6. Key Simulation Methodologies
Discrete-Event Simulation
In discrete systems, system state changes are discontinuous events. A model uses a state descriptor (a set of numbers) to represent the system’s state.
Key Features:
- Entities: Representation of real elements like machine parts.
- Relationships: Links between entities.
- Simulation Executive: Controls the advance of time and executes events.
- Random Number Generator: Simulates various data inputs.
- Results & Statistics: Provides performance measures and validates the model.
Time Advancement:
- Time Slicing: Time advances in fixed increments until no events remain.
- Next Event: Time advances directly to the next scheduled event, which is more efficient.
Queuing System Simulation: A queue consists of entities being served and those waiting to be served.
| Parameter Symbol | Description |
| λ | Arrival rate (number of arrivals per second) |
| Ts | Mean service time for each arrival (excluding queue wait time) |
| ρ | Server time utilization |
| u | Traffic intensity |
| r | Mean number of items in the system |
| Tr | Mean time of an item in the system |
| w | Mean number of items waiting in the queue |
| Tw | Mean waiting time of all items |
| N | Number of servers in a system |
- Single Server Queue: A system with one server. Items are served if the server is idle; otherwise, they join a waiting queue.
- Multi Server Queue: A system with multiple identical servers and a common queue. An incoming item is served if any server is available.
Queuing Relationships:
| General Terms | Single Server | Multi-server |
| r = λTr (Little’s) | ρ = λTs | ρ = λTs/N |
| w = λTw (Little’s) | r = w + ρ | u = λTs = N |
| Tr = Tw + Ts | r = w + Nρ |
Continuous Simulation
A continuous system is one where activities complete smoothly without delays or queues.
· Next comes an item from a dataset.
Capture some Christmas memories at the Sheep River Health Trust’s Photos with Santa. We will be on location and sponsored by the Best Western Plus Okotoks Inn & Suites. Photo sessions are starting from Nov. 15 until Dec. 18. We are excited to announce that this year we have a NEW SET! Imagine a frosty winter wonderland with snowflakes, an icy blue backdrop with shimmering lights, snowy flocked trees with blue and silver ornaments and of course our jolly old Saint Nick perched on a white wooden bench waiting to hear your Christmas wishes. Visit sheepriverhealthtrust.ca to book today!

The state variables are controlled by continuous functions and are often modeled using differential equations. This type of simulation is used when the underlying system dynamics are continuous.
Application Areas:
- Civil Engineering: Dam embankment and tunnel construction.
- Military: Missile trajectory simulation, fighter aircraft training.
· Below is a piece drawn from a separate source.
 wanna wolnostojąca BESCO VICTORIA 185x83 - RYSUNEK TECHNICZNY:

- Logistics: Airport passenger flow analysis, toll plaza design.
- Business: Product development planning, market study analysis.
Monte Carlo Simulation
This is a computerized mathematical technique used to generate random sample data based on a known distribution for numerical experiments. It is applied to quantitative risk analysis and decision-making problems.
Characteristics:
- Its output must generate random samples.
- Its input distribution must be known.
- Its result must be known during the experiment.
| Advantages | Disadvantages |
| Easy to implement. | Time-consuming, as it requires a large number of samples. |
| Provides statistical sampling for numerical experiments. | Results are approximations of true values, not exact figures. |
| Offers approximate solutions to mathematical problems. | |
| Usable for both stochastic and deterministic problems. |